Há um bilhão de animais domésticos no mundo. Um a cada três animais vive nas ruas ou em abrigos. A informação é indigesta e a sensação de impotência gera ansiedade. Em uma mão temos o abandono e na outra o medo de que ele cresça ainda mais.
O que fazer? Promover a adoção e frear a natalidade. Sim, essas são as duas únicas alternativas. A Holanda fez isso. Segundo, reportagem do site Dutchreview os holandeses alcançaram essa conquista através do programa CNVR (Collect, Neuter, Vaccinate and Return) que retirava o cachorro da rua, castrava e vacinava. Paralela à campanha de esterilização em massa, os impostos para comprar um cachorro de raça aumentaram consideravelmente.
Nas palavras da ativista holandesa, deputada e fundadora do Partido pelos Animais (PvdD) Marianne Louise Thieme: “Existe uma ligação direta entre a violência contra os animais e a violência contra os humanos”. Então, fica o questionamento: como os nossos governantes no Brasil tratam seu povo?

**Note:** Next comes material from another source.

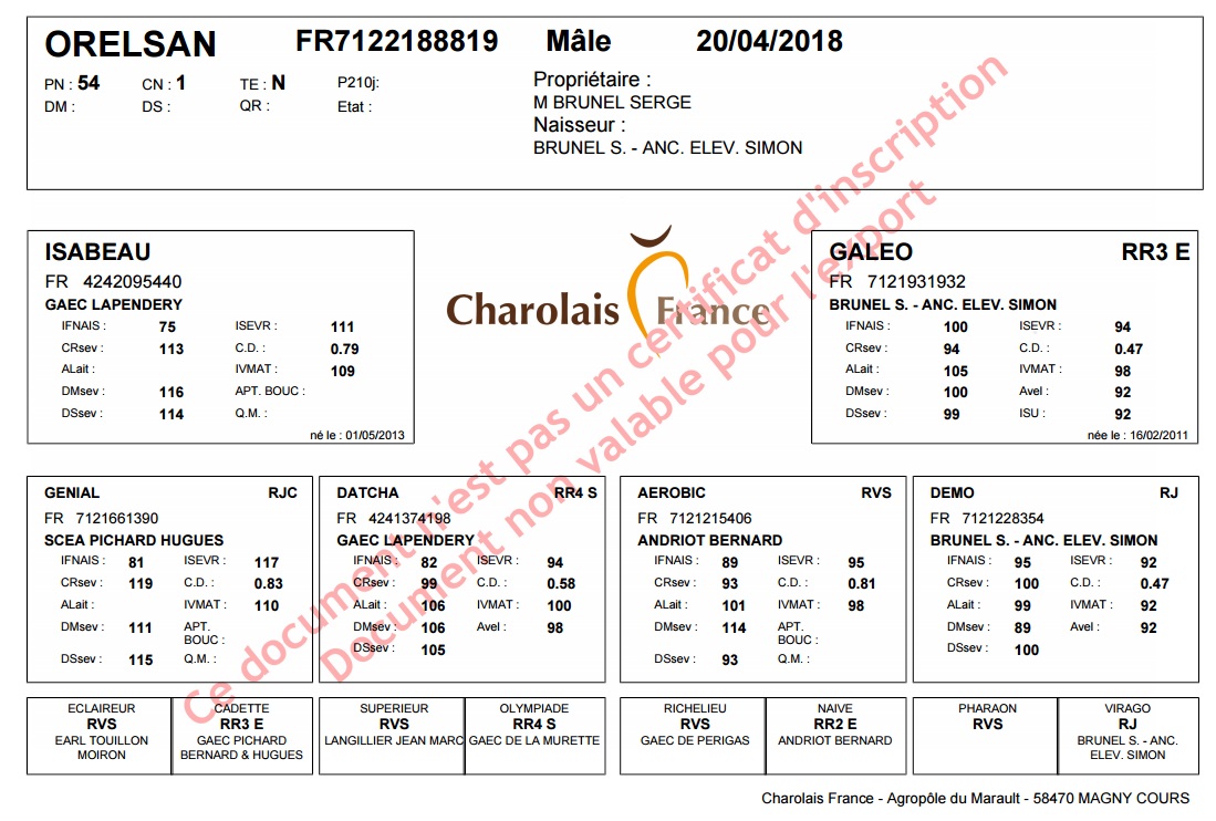 Herd of origin : BRUNEL SERGE (ISSY L’EVEQUE- 71)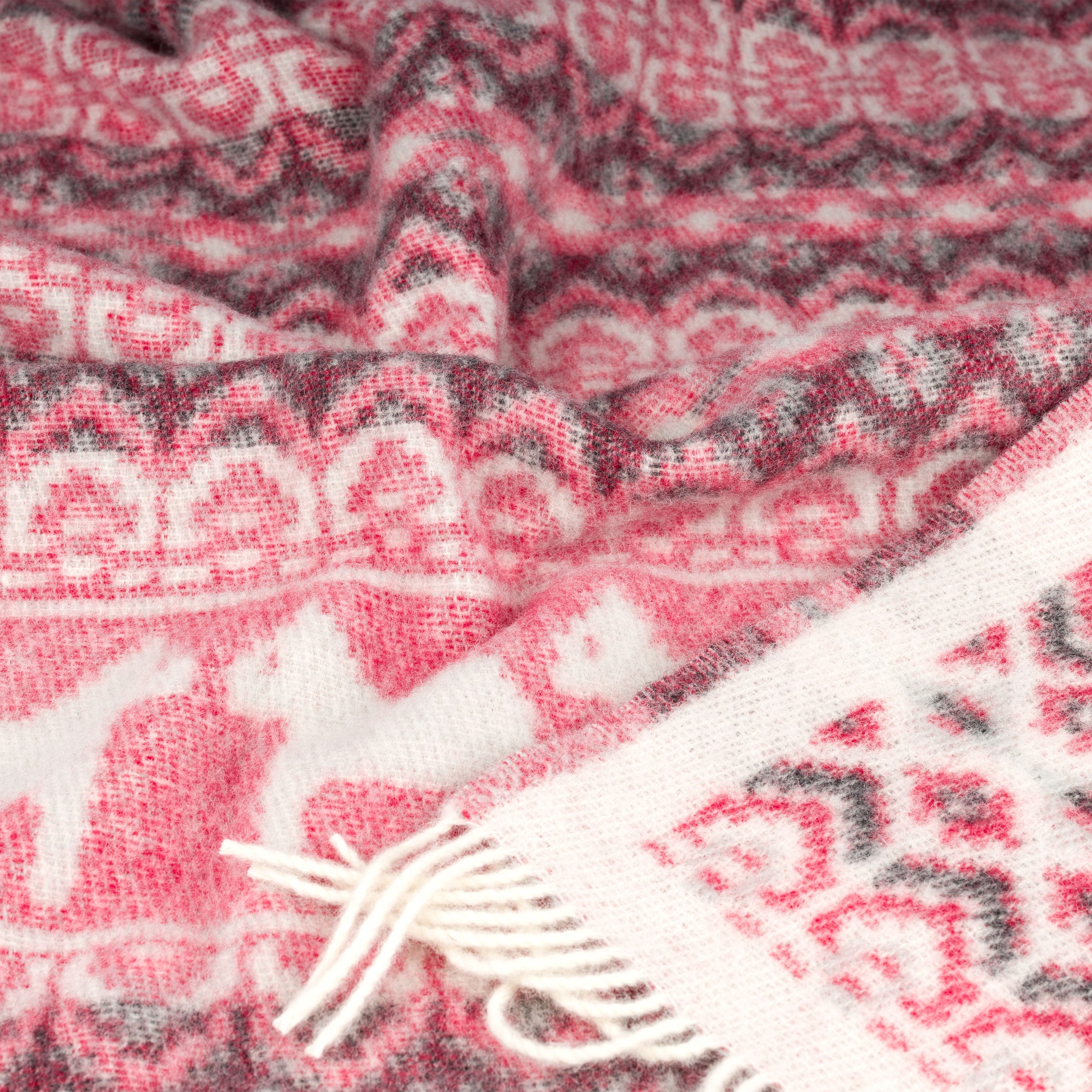 Mjuk och varm pläd av 100% ull från Öjbro med mönster inspirerat av Dalarna. Mysig att svepa in sig i under sena sommarkvällar och kyliga vinterdagar, men blir även en fin dekorationsdetalj till hemmet när den inte används.

Se formos comparar a Holanda com o Brasil, rapidamente chegaremos a contrastes gigantescos, não apenas econômicos e sociais, mas também em termos geográficos. “A Holanda tem cidades pequenas com governos que funcionam. Uma cidade organizada, tem política animal. Uma cidade desorganizada não tem nada. Se a gente conseguisse fazer o número de animais abandonados parar de crescer, seria ótimo. Sem o manejo adequado ele vai aumentar”, analisa a gerente de política pública Kátia Souza, da Mars Petcare.

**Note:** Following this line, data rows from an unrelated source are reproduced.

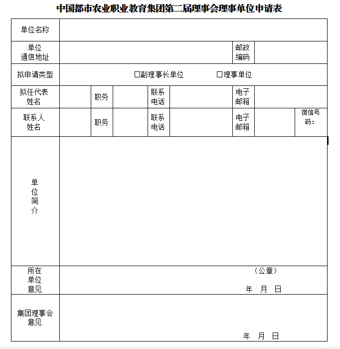 中国都市农业职业教育集团理事单位申请表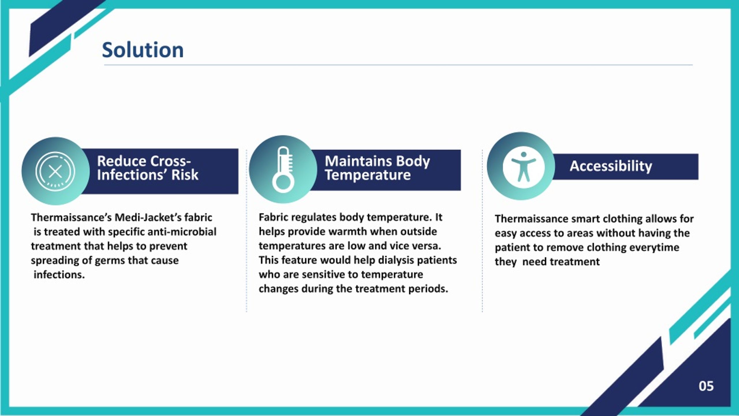 Solution Accessibility Reduce Cross-Infections’ Risk Maintains Body Temperature Fabric regulates body temperature. It helps provide warmth when outside temperatures are low and vice versa. This feature would help dialysis patients who are sensitive to temperature changes during the treatment periods. Thermaissance’sMedi-Jacket’s fabric is treated with specific anti-microbial treatment that helps to prevent spreading of germs that cause infections. Thermaissance smart clothing allows for easy access to areas without having the patient to remove clothing everytime they need treatment 05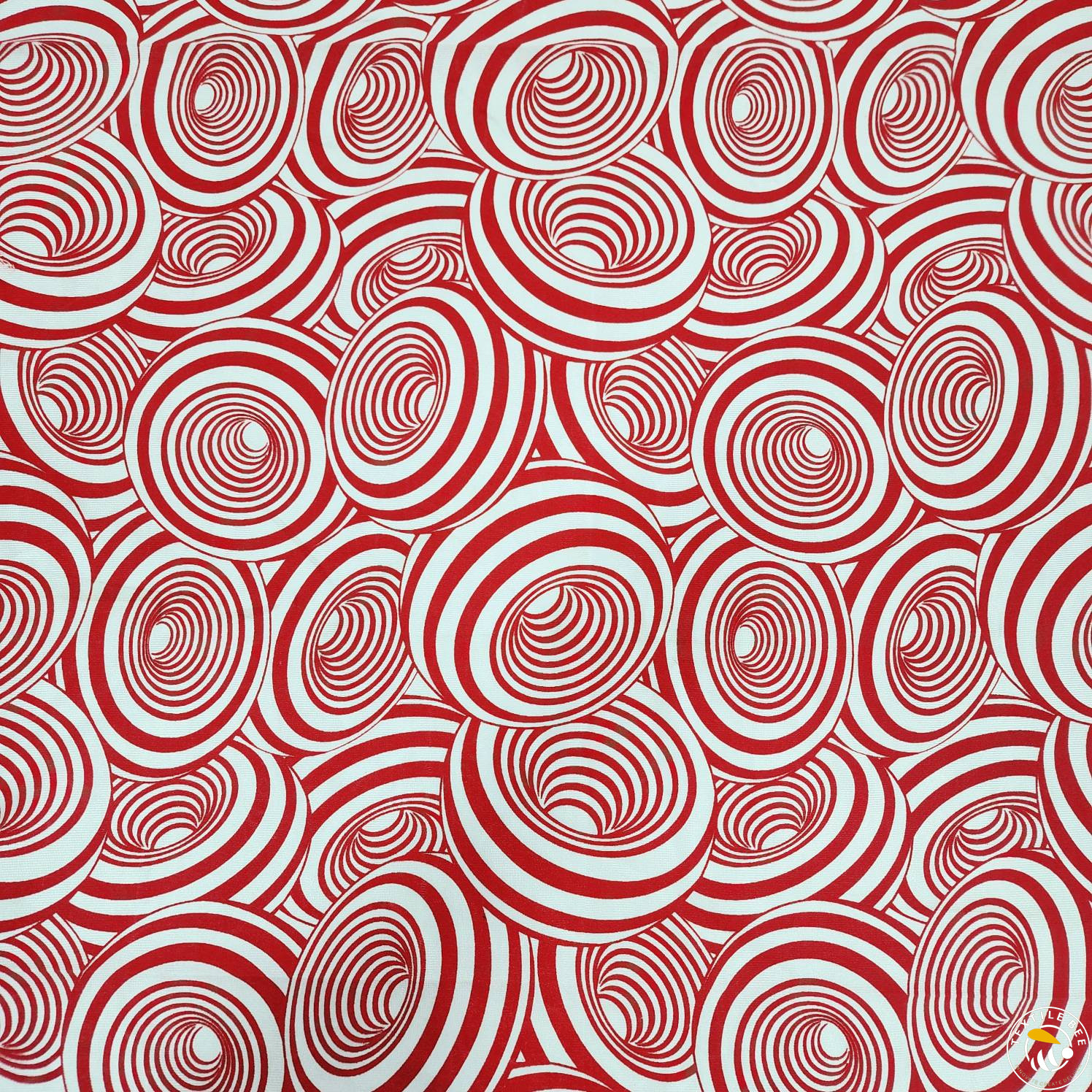 Bold red and white swirl print for a modern, eye-catching look

Alguns caminhos são claros e iguais em qualquer parte do mundo: a castração e adoção se fazem necessários para combater o abandono animal no planeta.
A Mars Petcare, líder mundial em comida de animais que produz a ração Pedigree, realizou recentemente uma extensa pesquisa em 20 países, que resultou no Índice de Abandono Animal e revelou que no Brasil há 30 milhões de cães e gatos sem um lar.
Ensinar a fazer a gestão
O Governo Federal publicou um dado no mínimo alarmante e extremamente triste, pois ao buscar saber quais dos 5.500 municípios brasileiros oferecem serviços públicos voltados aos animais teve a resposta de apenas 400 e metade destes não tem nada implementado.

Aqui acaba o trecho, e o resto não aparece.